The term “death tax” has been used since the nineteenth century to refer to a broad group of taxes (estate taxes, inheritance taxes, legacy taxes and succession taxes) imposed after the death of an individual. Today, however, the term is more commonly used to negatively refer to the estate tax.
The estate tax is a federal tax on the transfer of a person’s property following that person’s death. It is different from an inheritance tax, which is a similar tax imposed on the state level, and a gift tax, which applies to transfers of property during a person’s life.
The estate tax takes into account a person’s “gross estate,” consisting of the fair market value of everything they owned (cash, securities, real estate, insurance, trusts, annuities, business interests and other assets) at the time of their death. Certain deductions (including mortgages and other debts, estate administration expenses, and property that passes to surviving spouses and qualified charities) are allowed in arriving at your “taxable estate.”
For a person dying in 2015, an estate tax is collected if the estate’s combined gross assets and prior taxable gifts exceed $5,430,000. Thus, the estate tax does not apply to most relatively simple estates.

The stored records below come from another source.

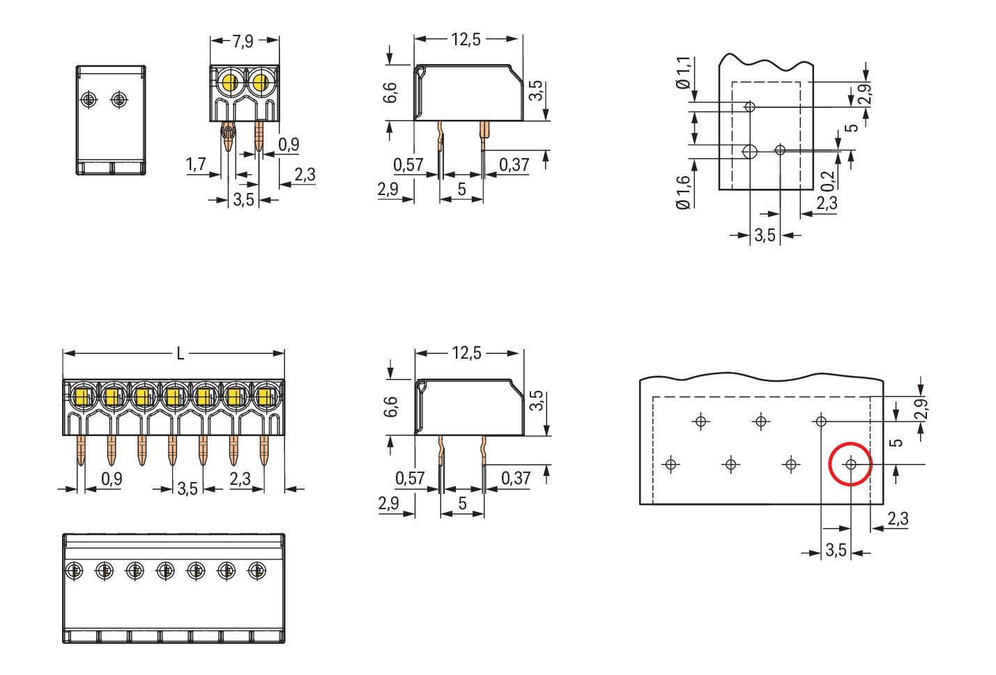 Morsetto per circuito stampato. 1,5 mm2. Passo pin 3,5 mm. 8 poli. PUSH WIRE®. 1,50 mm2. bianco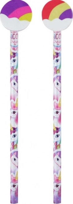 Ez a stílusos grafitceruza egyszarvú mintával ideális íráshoz és rajzoláshoz otthon, az iskolában vagy útközben. A végén lévő szivárványos radír megbízhatóan javítja az apró hibákat, míg a színes díszítés minden írásnak egyedi lendületet ad.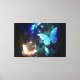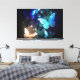 Fantastisch, leuchtend, blau und gelb, Nachtschmetterling auf dunklem Hintergrund.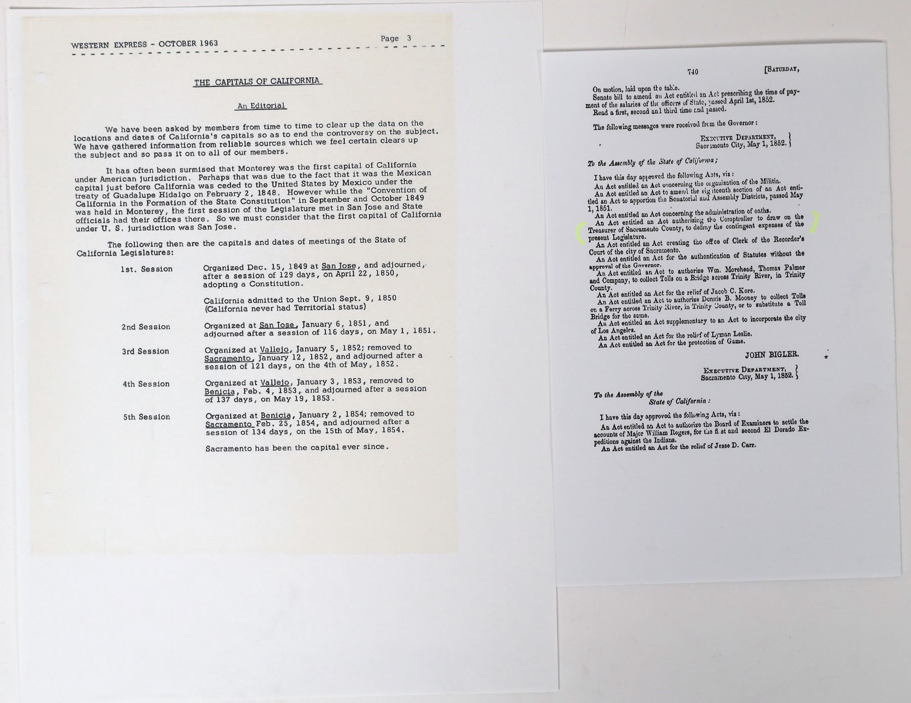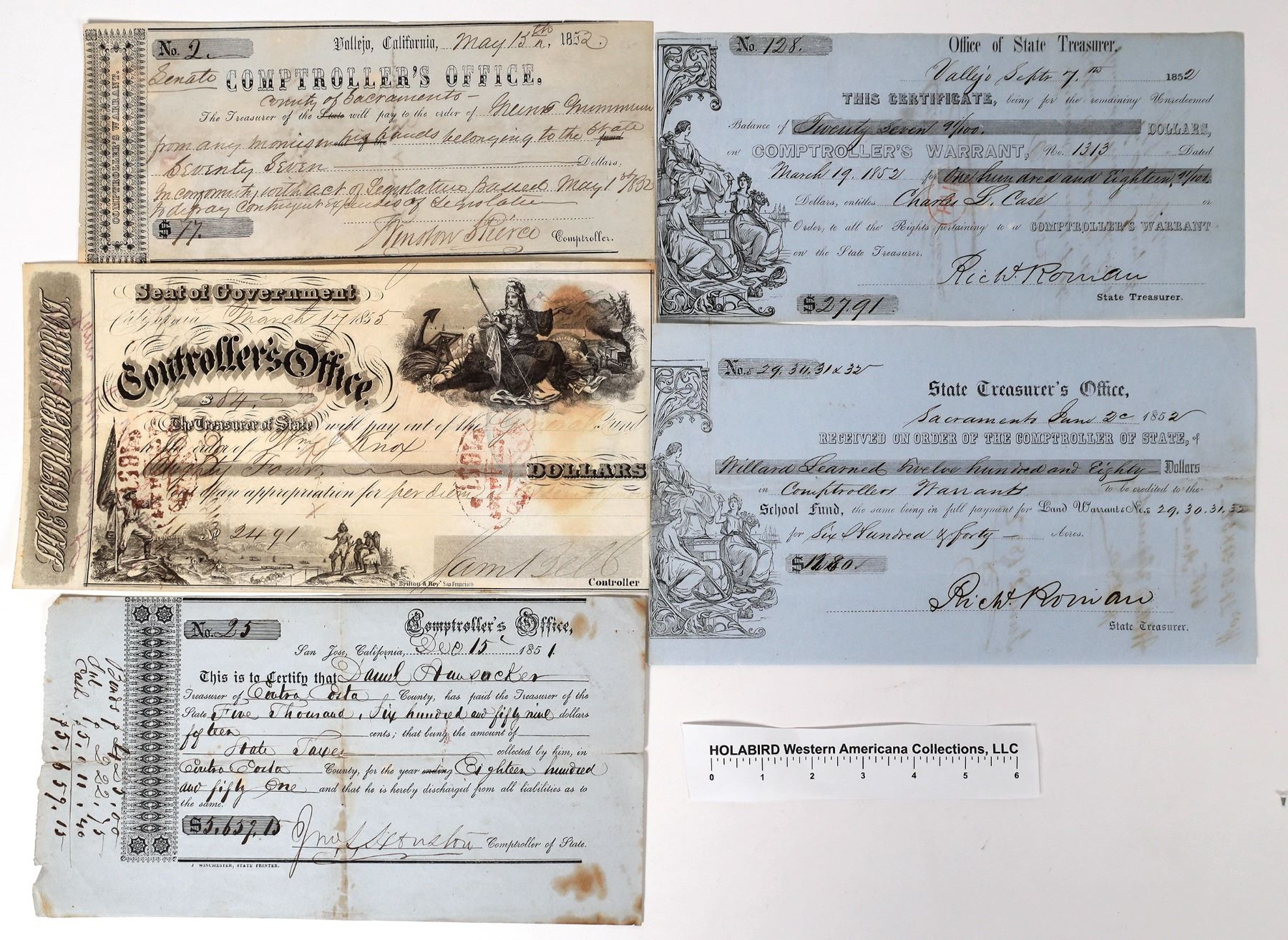 Lot of 5. These warrants tell the story of how the California state capital location was in flux during the Gold Rush. The meetings of the State Legislature set the location and were as follows: 1st Session, San Jose (Dec. 15th, 1849); 2nd Session, San Jose (Jan. 6th, 1851); 3rd Session, Vallejo (Jan. 5th, 1852) to Sacramento (Jan. 12, 1852); 4th Session, Vallejo (Jan. 3, 1853) to Benicia (Feb. 4, 1853); and 5th Session, Benicia (Jan. 2, 1854) to Sacramento (Feb. 25, 1854). Sacramento became the capital for that moment on. 1) Comptroller's Office warrant, San Jose, Dec. 15th, 1851. To the treasurer of Contra Costa County for $5,659.15. Signed by John Houston. 2) State Treasurer's Office warrant, Sacramento, Jan. 2, 1852. Issued to William Learned for $1,280. Signed by treasurer Rich. Roman. 3) State Treasurer warrant, Vallejo, Sept. 7th, 1852. Issued to Charles L. Case for $27.91. Signed by treasurer Rich. Roman. 4) Comptroller's Office warrant, Vallejo, May 13th, 1852. To the County of Sacramento, related to an Act passed in the Assembly, 1852. Signed by Comptroller Winston Pierce. 5) Controller's Office warrant. 1855. To William Knox for $84. Signed by Sam Bell, controller. Sacramento. California 1851-55

The first scene of Death Tax takes place in 2010. At that time, a law was in place to repeal the estate tax for the year and reinstate it in 2011 at a new exemption level of $1 million with a maximum tax rate of 55%. This means that if a person with an estate worth more than $1 million died in 2010, their entire estate would have been exempt from federal taxes, but if that same person died in 2011 or later, their estate would have been taxed at a rate of up to 55%. However, on December 17, 2010, Congress passed the Tax Relief, Unemployment Insurance Reauthorization, and Job Creation Act of 2010 to reinstate the estate tax in 2010 with an exemption level at $5 million and a maximum tax rate of 35%.